Among the entries below, find the line with "Femme en robe" and the line with "休闲运动服套装女薄款ins国潮牌美式复古chic港味卫衣长裤两件套". Return exactly those lines and every line between them, but no pictures.

■ Provided records ■
Segment Open

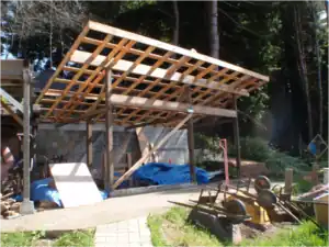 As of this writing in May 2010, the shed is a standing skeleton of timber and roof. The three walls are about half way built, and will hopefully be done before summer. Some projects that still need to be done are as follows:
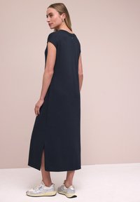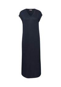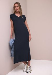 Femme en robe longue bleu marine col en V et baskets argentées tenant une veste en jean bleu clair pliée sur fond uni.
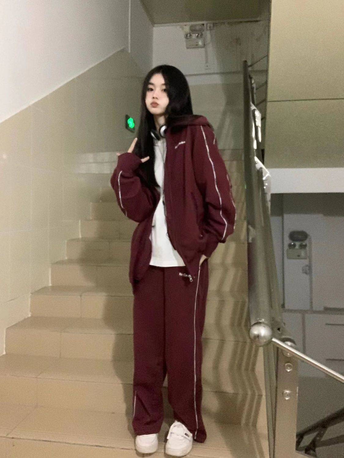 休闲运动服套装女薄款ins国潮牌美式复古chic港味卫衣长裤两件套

Segment Closed
Segment Open

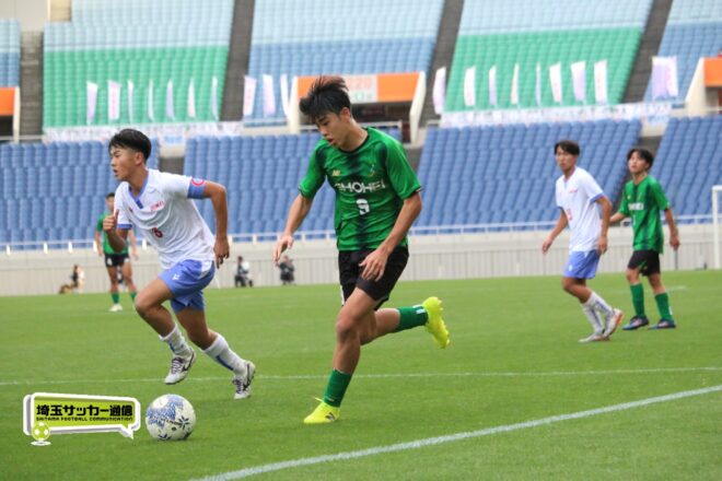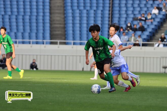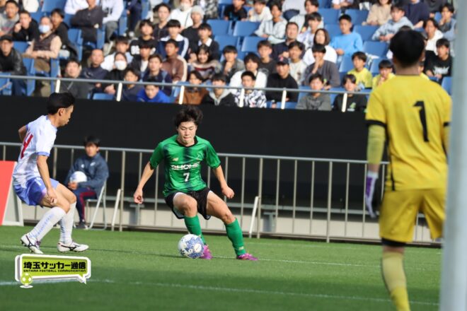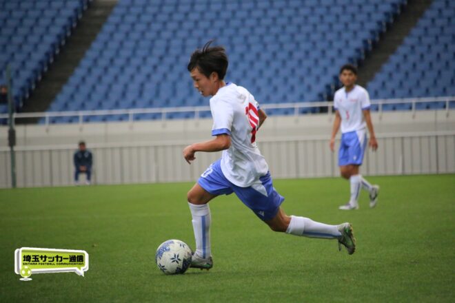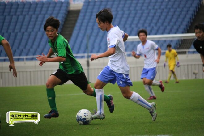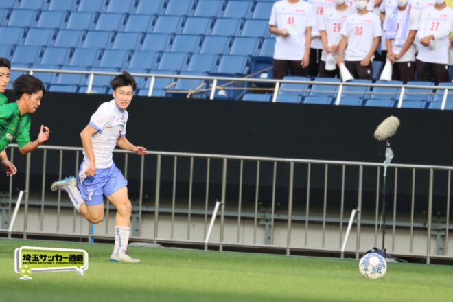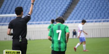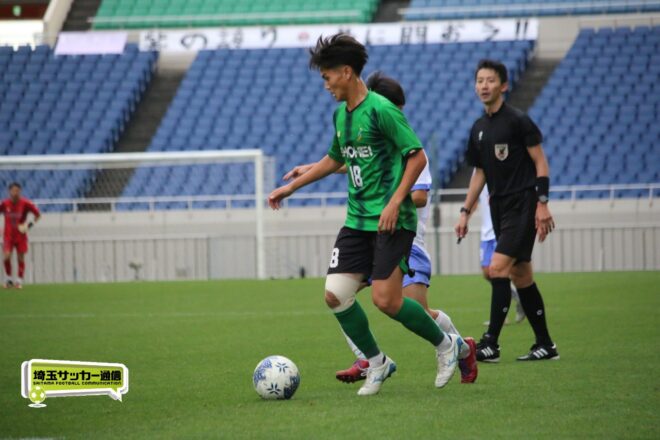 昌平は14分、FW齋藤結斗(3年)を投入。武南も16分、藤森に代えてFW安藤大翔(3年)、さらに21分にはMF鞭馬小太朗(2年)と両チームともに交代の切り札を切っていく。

Segment Closed
Segment Open

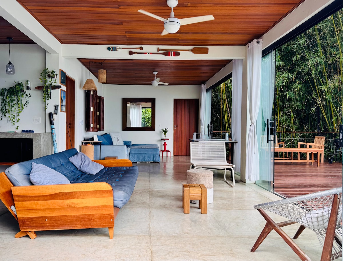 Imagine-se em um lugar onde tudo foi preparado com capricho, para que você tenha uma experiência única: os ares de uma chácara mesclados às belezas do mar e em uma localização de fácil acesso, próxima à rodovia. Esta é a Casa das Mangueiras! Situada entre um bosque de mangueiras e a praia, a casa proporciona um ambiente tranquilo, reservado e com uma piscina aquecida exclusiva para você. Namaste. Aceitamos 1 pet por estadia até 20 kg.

Segment Closed

■ Answer section ■
 Femme en robe longue bleu marine col en V et baskets argentées tenant une veste en jean bleu clair pliée sur fond uni.
 休闲运动服套装女薄款ins国潮牌美式复古chic港味卫衣长裤两件套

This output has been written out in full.